# Replace Cinder Block wall with posts in basement... ?



## JoshP (Apr 7, 2009)

Hello,

Without getting into the specifics of what may be involved, (I know enough, to know that I don't know enough to just tackle this without professional advice  I'd like to replace part of a basement cinder block wall with posts.  The wall runs the length of the basement, dividing it in two, except for an approximately 10ft section where the stairs come down.  It's a ranch house with a basement, built circa 1950.

My goal is to have a basement with the large middle portion open.  I'd like to remove a roughly 15 foot section of the cinder blocks and use posts instead.  There is a 2x6 laying flat on top of the cinderblocks, supporting the main floor.  There is a second 2x6 laying flat on the first one for support over the stair gap in the block wall.

I suppose, as much as anything, I'd just like to know if this type of this is done.  It seems entirely reasonable to me that it would work, though I hadn't thought of the slab thickness issues that I've read about in the forum here.  

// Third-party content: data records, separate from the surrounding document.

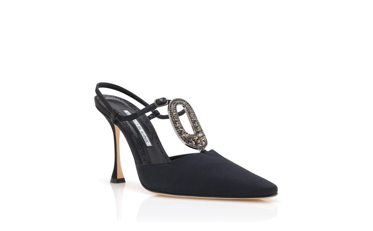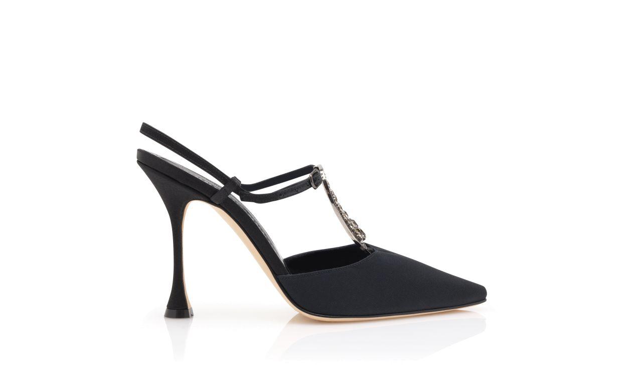 Black grosgrain almond toe pumps featuring T-Bar design with oval buckle, adorned with coloured stones encased in a gunmetal frame and ankle strap closure. Finished with a flared high heel.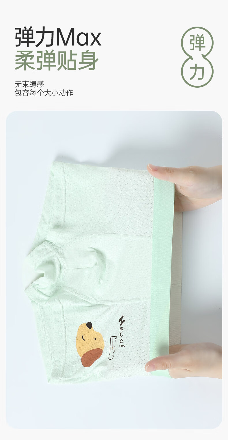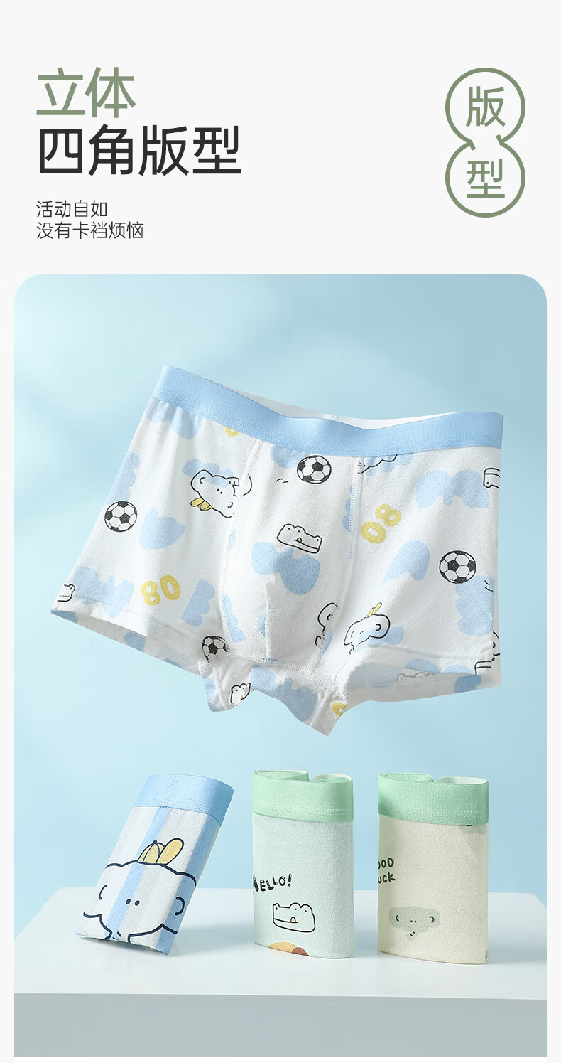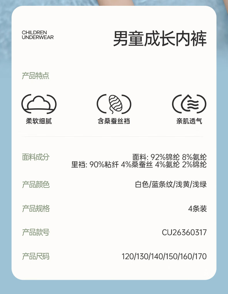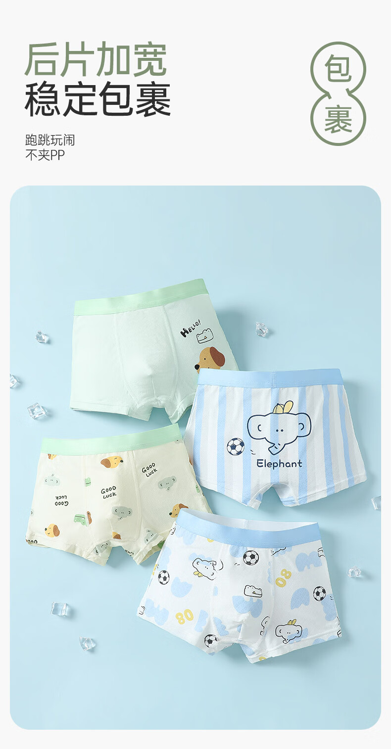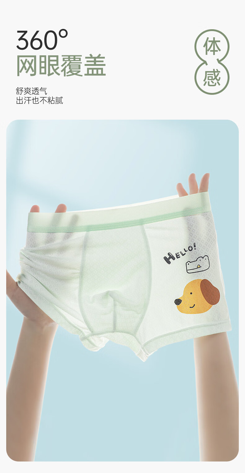 芬腾可安儿童内裤男童2025新款含蚕丝裆网眼冰丝4条装四角内裤亲肤透气 白色/蓝条纹/浅黄/浅绿 4条 120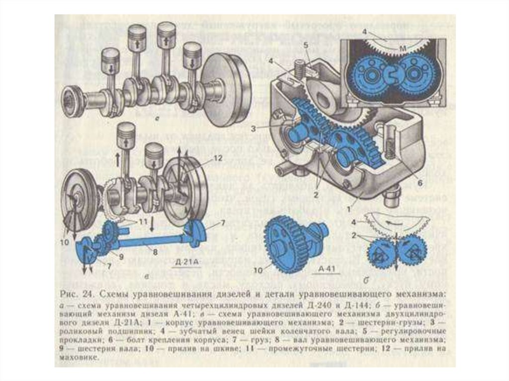 1 — полумуфта отбора мощности; 2 — стопорная шайба носка коленчатого вала; 3 — передний противовес; 4 — ведущая шестерня привода масляного насоса; 5 — заглушка полости шатунной шейки; 6 — задний маслоотражатель; 7 — распределительная шестерня; S — задний противовес; 9 — полукольца упорного подшипника коленчатого вала; 10 — крышка коренного подшипника коленчатого вала; 11 — вкладыш коренного подшипника коленчатого вала

In any case, thanks for reading, and I'd be most appreciative for any advice, questions to ask here locally, dire warnings, etc.   lol  

, Josh


----------



## glennjanie (Apr 8, 2009)

Welcome Josh:
Yes, it is possible to remove the wall and replace it with posts and a beam. In order to save headroom, the beam should be made of steel. You can check with your local steel supplier for the size, cost and availability of the beam. They can also help you with posts to support the load.
I suspect the floor joists are lapped on top of the wall; maybe a 14' 2 X 10 from the back wall and another from the front wall. You will need to set up supports for the floor joists on each side of the wall before removing the wall. Then, when the new posts and beam are in place, you can take the extra supports out. I would use a 4 X 6 wood beam on each side of the wall supported with a 4 X 4 every 8' as the temporary support. They should be placed within 2' of each side of the wall on each side. The temporary supports should be used to raise the joists 1/4" off the wall to make sure you have the load before tearing the wall out. Quite often there is a bearing wall through the center of the house resting on that block wall and it needs good support.
There should be no issues with the slab thickness; it is probably thickened under the wall already and will support the load.
Glenn


----------